Pull request overview
Adds 39 PROPOSED candidate TraitRecord YAMLs (18 ENVIRONMENT + 21 METABOLISM) filling clear coverage gaps (pressure/piezophily, radiation, desiccation, heavy-metal tolerance, carbon-fixation pathways, product-specific fermentations, DNRA, AOM, metal redox, phototrophy/photosynthesis). Each record carries ≥2 distinct verified citations, with a new PROPOSED enum value and a new scripts/audit_proposals.py audit (wired into just qc / CI) enforcing the citation bar.
Changes:
- Schema: add
PROPOSEDvalue toMappingStatusEnum; relaxtests/test_seed.pyto accepttraitmech:IDs and the new status. - New
scripts/audit_proposals.py+ unit tests;audit-proposalsjustfile recipe added to theqccomposite target. - 39 candidate trait YAMLs under
data/traits/{environment,metabolism}/mintedtraitmech:000001–traitmech:000039, plus two narrative reports and a generated TSV audit report.
Reviewed changes
Copilot reviewed 47 out of 47 changed files in this pull request and generated 2 comments.
Show a summary per file
| File | Description |
|---|---|
| src/traitmech/schema/traitmech.yaml | Add PROPOSED mapping status with description referencing the citation audit. |
| scripts/audit_proposals.py | New citation-bar audit for PROPOSED records (≥2 distinct, well-formed citations). |
| tests/test_audit_proposals.py | Locks the audit rules (skip non-PROPOSED, dedupe, placeholders, malformed). |
| tests/test_seed.py | Accept traitmech: identifiers and PROPOSED status. |
| justfile | Add audit-proposals recipe and chain it into qc. |
| reports/proposal_citation_audit.tsv | Generated audit output (uses absolute filesystem paths — see comment). |
| reports/environment_trait_proposals.md, reports/metabolism_trait_proposals.md | Narrative justification + citation indexes for the two proposal cohorts. |
| data/traits/environment/*.yaml (18 files) | New PROPOSED ENVIRONMENT traits (pressure, radiation, desiccation, metal tolerance). |
| data/traits/metabolism/*.yaml (21 files) | New PROPOSED METABOLISM traits (carbon fixation pathways, fermentations, DNRA, AOM, metal redox, phototrophy). |
💡 Add Copilot custom instructions for smarter, more guided reviews. Learn how to get started.
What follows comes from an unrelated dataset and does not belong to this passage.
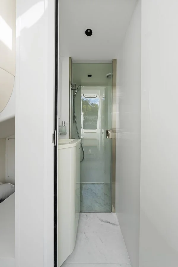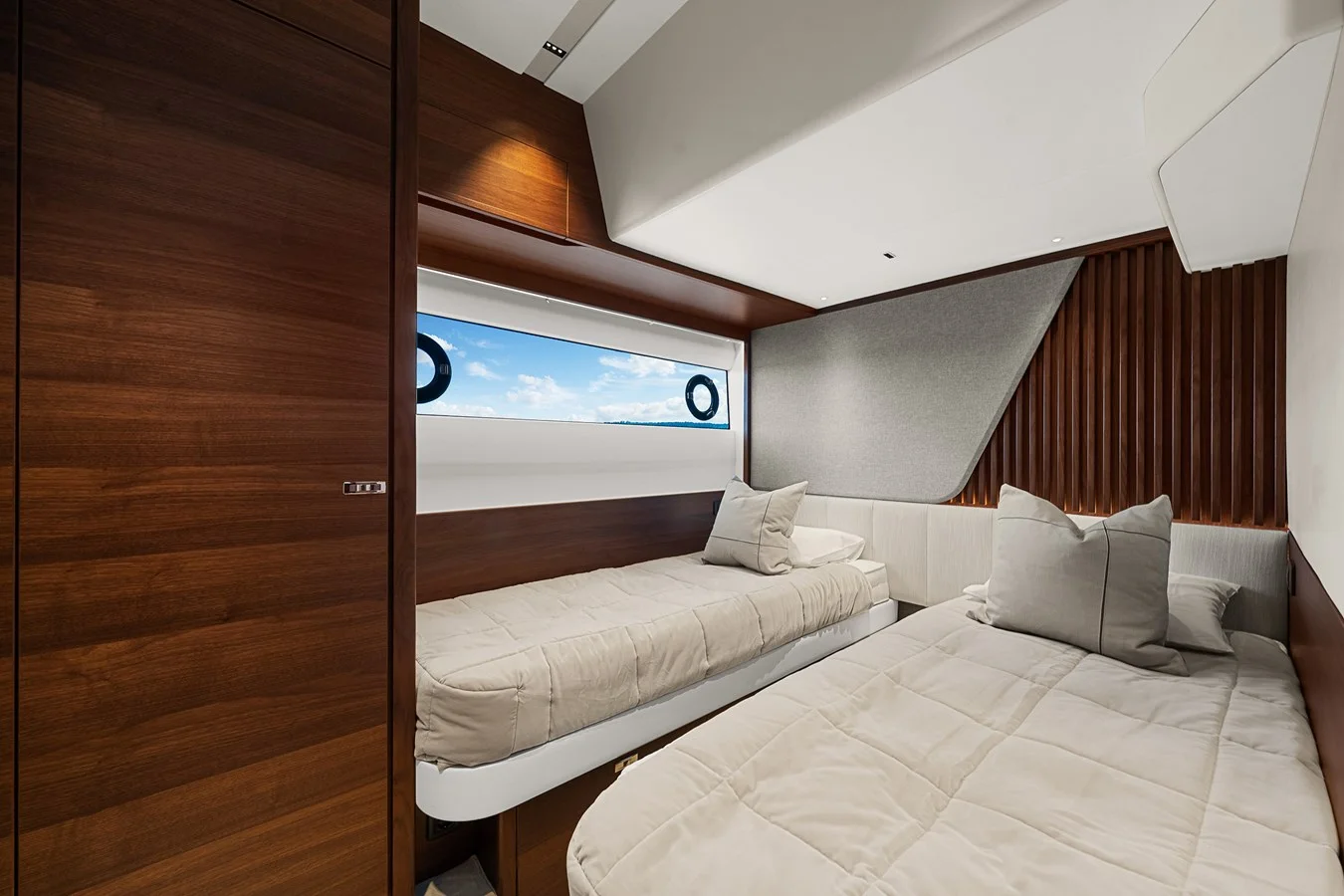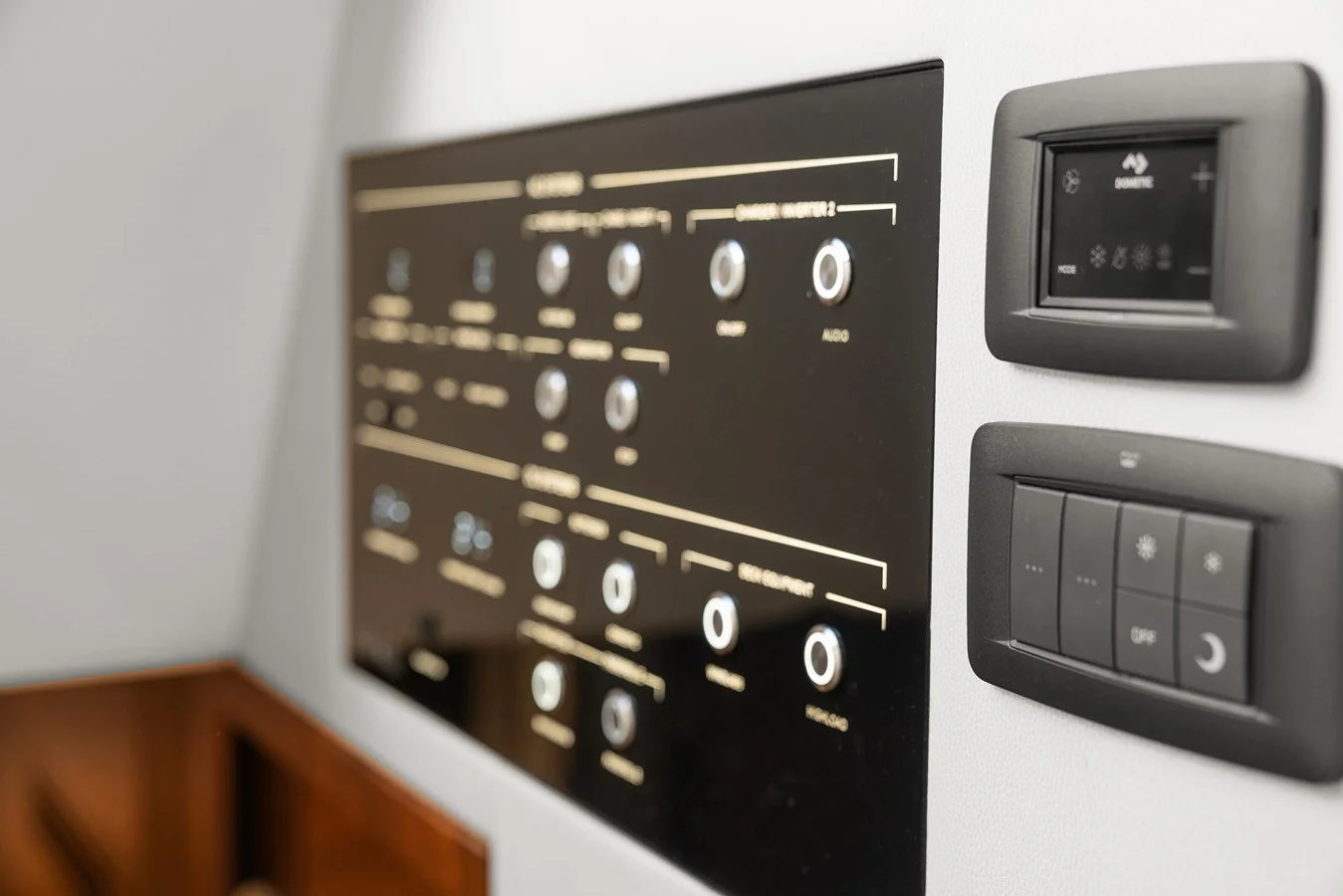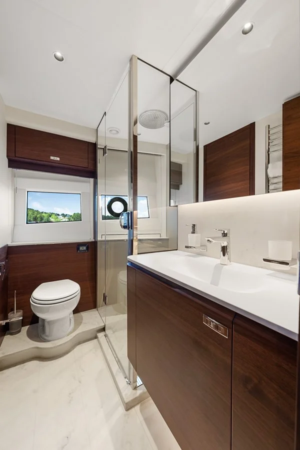 ELECTRICALContinental 220v/240v sockets“Power socket upgrade– Upgrade single sockets in forward cabin to doubles (x2)– Additional single socket with twin USB in port cabin– Additional single socket with twin USB in starboard cabin– Additional single socket in master stateroom– Additional double socket in aft/crew cabin– QI wire/ess charging pad on sportsbridge helm– QI wire/ess charging pad aft of foredeck seating”Underwater transom lights (4x Lumishore THX 803 full colour interfaced with Radar/Chartplotter MFDs)“Heated towel rail in bathroom (each – specify bathroom to be fitted) (Not available in crew bathroom)□ Master Cabin□ Forward Cabin□ PortCabin”“Under floor heating in bathrooms ( each – specify location, excludes shower areas) (Not available in crew bathroom)□ Master Cabin□ Forward Cabin□ PortCabin”Separate washing machine and condenser dryer machine located below stairs leading to Master Stateroom lobby (in place of standard washer/dryer)“lnterior lighting upgrade packageAdditional fibre optics (to saloon & dining area) Additional LED strip lights to blind pelmets – to lower accommodation”“Exterior lighting upgrade packageIncluded linear LED (xl) andfibre optic lighting to the cockpit pelmet and headlining and low levet LED dock lighting (x28)”Electric blinds in lieu of manual Venetian blinds in master stateroom (does not include bathrooms)Electric standard venetian blinds to all main deck windows, excludes patio door & helm areaFreshwater maker (190 litres/hour) with remote instrumentation and service/spares kitCCTV cameras (2 x fixed cameras in engine room, 1 x pan/tilt camera in cockpit)230V socket in garageInverter to socket in galley and TVsShorepower cable and adapter

The proposal citation audit wrote str(path) where path is anchored at _REPO_ROOT (absolute), so the committed reports/proposal_citation_audit.tsv contained one contributor's absolute filesystem paths and would produce a spurious diff on every CI/contributor run. Relativize to _REPO_ROOT before writing, and regenerate the TSV. Co-Authored-By: Claude Opus 4.8 (1M context) <noreply@anthropic.com>
This file contains hidden or bidirectional Unicode text that may be interpreted or compiled differently than what appears below. To review, open the file in an editor that reveals hidden Unicode characters.
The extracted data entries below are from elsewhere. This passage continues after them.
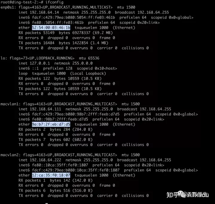 但是 MACVlan 设备则不然,每台设备的 MAC 地址都是独一无二的:
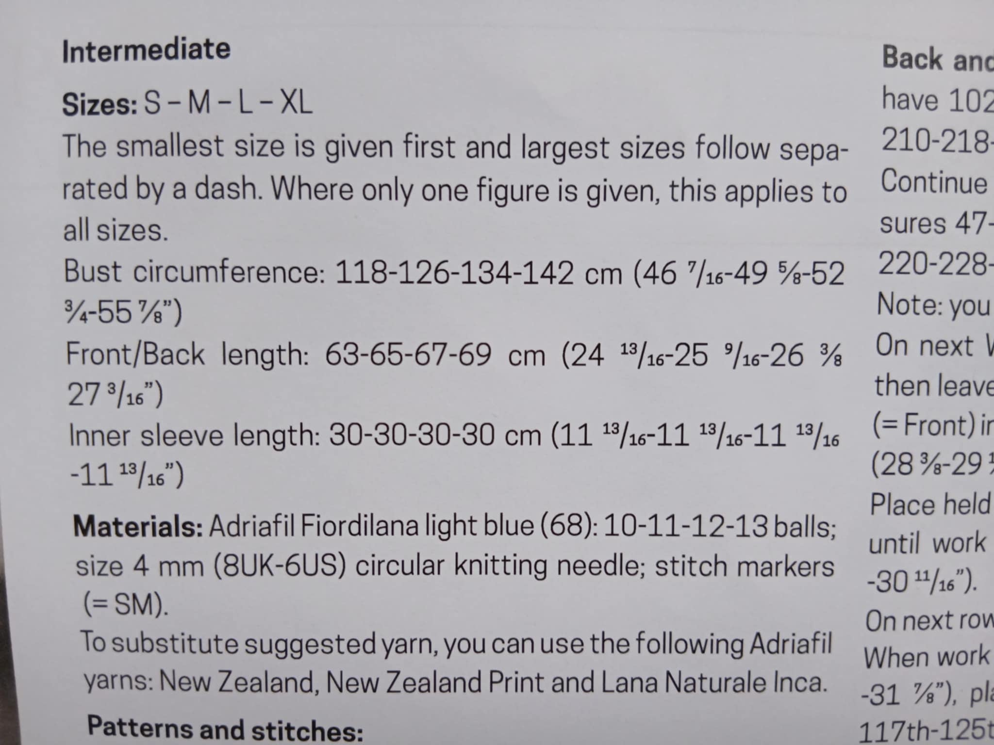 Fits from S to XL, again the measurements are show in the image (NB: The measurements are the actual measurements of the finished garment) along with needle requirements.
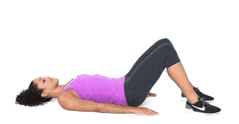 利用仰卧的姿势,仰卧在地面上,双腿弯曲,脚掌置于地面,支撑身体,双臂放在身体的两边,伸直手臂,手掌朝向地面。头部和上肢身体贴在地面上,向上挺起臀部,让腿部到胸部位置在一条斜线上。尽可能地做停留,再缓慢的下移,当臀部接近于地面时,再次向上挺起。
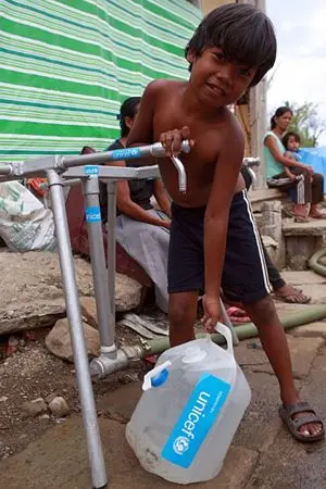 Nella città di Tacloban, la più colpita, ha riparato il principale sistema idrico che ora garantisce l’acqua a tutta la zona.
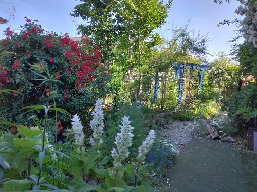 今朝はちょっと曇り空でしたが、日中は暑くなり長井の最高気温は28.6℃!もう来週の予報には30℃越えがありました。さすがに花達もカラカラ・・・しかし、我庭は木陰も多く爽やかな風も入って来て午前中は涼しく過ごせました。 ↓先日UPしたばかりの”ゾンマーアーベント”ですがもう満開状態です。我庭で一番みごたえある一際鮮やかな赤いバラです! ”クラリーセイジ”も急に伸び始めました〜 ↓6/3撮影〜なんか変な格好のツボミでしたが。 ”西洋ノコギリソウ”(アキレア)色合いが素敵です〜! 玄関前の寄せ植え。。。2021年の母の日のプレゼントなんですが、カシワバアジサイが小さな鉢でまだ頑張っています!脇に並んでいるドールもかわいいです〜 昨日の庭も、書き込み中なんですが、時間が遅いので今日はこれでおしまいに。明日へ持ち越しです・・・変な順番ですみません

Learn more about bidirectional Unicode characters
Sign up for free
to join this conversation on GitHub.
Already have an account?
Sign in to comment
Add this suggestion to a batch that can be applied as a single commit.This suggestion is invalid because no changes were made to the code.Suggestions cannot be applied while the pull request is closed.Suggestions cannot be applied while viewing a subset of changes.Only one suggestion per line can be applied in a batch.Add this suggestion to a batch that can be applied as a single commit.Applying suggestions on deleted lines is not supported.You must change the existing code in this line in order to create a valid suggestion.Outdated suggestions cannot be applied.This suggestion has been applied or marked resolved.Suggestions cannot be applied from pending reviews.Suggestions cannot be applied on multi-line comments.Suggestions cannot be applied while the pull request is queued to merge.Suggestion cannot be applied right now. Please check back later.
Summary
Adds 39 PROPOSED candidate trait records (18 ENVIRONMENT + 21 METABOLISM) filling clear coverage gaps in two categories. Every PROPOSED record carries ≥2 distinct, verified literature citations (PMID/DOI), and that bar is enforced in CI.
Schema
PROPOSEDvalue toMappingStatusEnum.Validation
scripts/audit_proposals.py: requires ≥2 distinct, well-formed citations per PROPOSED record (counted acrossdefinition_source∪evidence[].reference); wired into theqcjustfile target and CI; emitsreports/proposal_citation_audit.tsv.tests/test_audit_proposals.pylocks the rule;tests/test_seed.pyrelaxed to allowtraitmech:IDs andPROPOSED.ENVIRONMENT (traitmech:000001–000018)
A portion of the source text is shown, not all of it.